По городу едут на машинах, катят на велосипедах, вышагивают, несутся люди. Они движутся в разных направлениях, но все спешат к своей пикше да каше. Обеденный перерыв короткий, надо пошевеливаться.
Промозглый воздух приглушает выкрики, оклики, стоны, свист дыхания и гудки машин.
Однако птицы хранят спокойствие, гора напротив Города — свое величие, а База — свое запустение.
XV
Пьетюр Каурасон пришел домой на обед. Снимая меховую куртку, он принюхивается и говорит:
— Соленая рыба!
— Папа! — слышится серебристый голосок, и маленькая девчушка кидается в его объятья.
— Папина малышка! — восклицает он, подхватывая ее на руки. — Ты сегодня много шалила?
— Не шалила. Спроси маму.
— Не угадал, — слышится из кухни голос жены.
— Что не угадал? — спрашивает муж.
— Не соленая рыба.
— Вот как. А что же?
— Отгадай.
— Папа, я скажу.
— Тресковые подбородки[8]?
— Нет.
— Ще… — шепчет девочка на ухо отцу.

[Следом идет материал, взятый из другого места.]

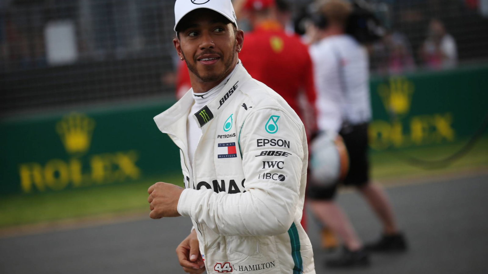 Lewis Hamilton joked he wanted to “wipe the smile” off Sebastian Vettel’s face after storming to a record-breaking pole position for the Australian Grand Prix.

Он несет ее на кухню.
— Щеки тресковые, — торжествующе объявляет он. — Где ты их раздобыла?
— Малышка у нас болтушка? — говорит Вальгердюр и целует мужа.
— Нет, — отвечает девочка. — Спроси папу.
— У нас на углу. — Хозяйка наливает в стаканы ледяную воду. — Прошу. Садись в свой стульчик, болтушка. Папа тебе положит.
— Я по крайней мере не все сказала, — оправдывается ребенок.
— Ну-с, посмотрим. — Отец садится. — Тебе, малышка, побольше, не так ли?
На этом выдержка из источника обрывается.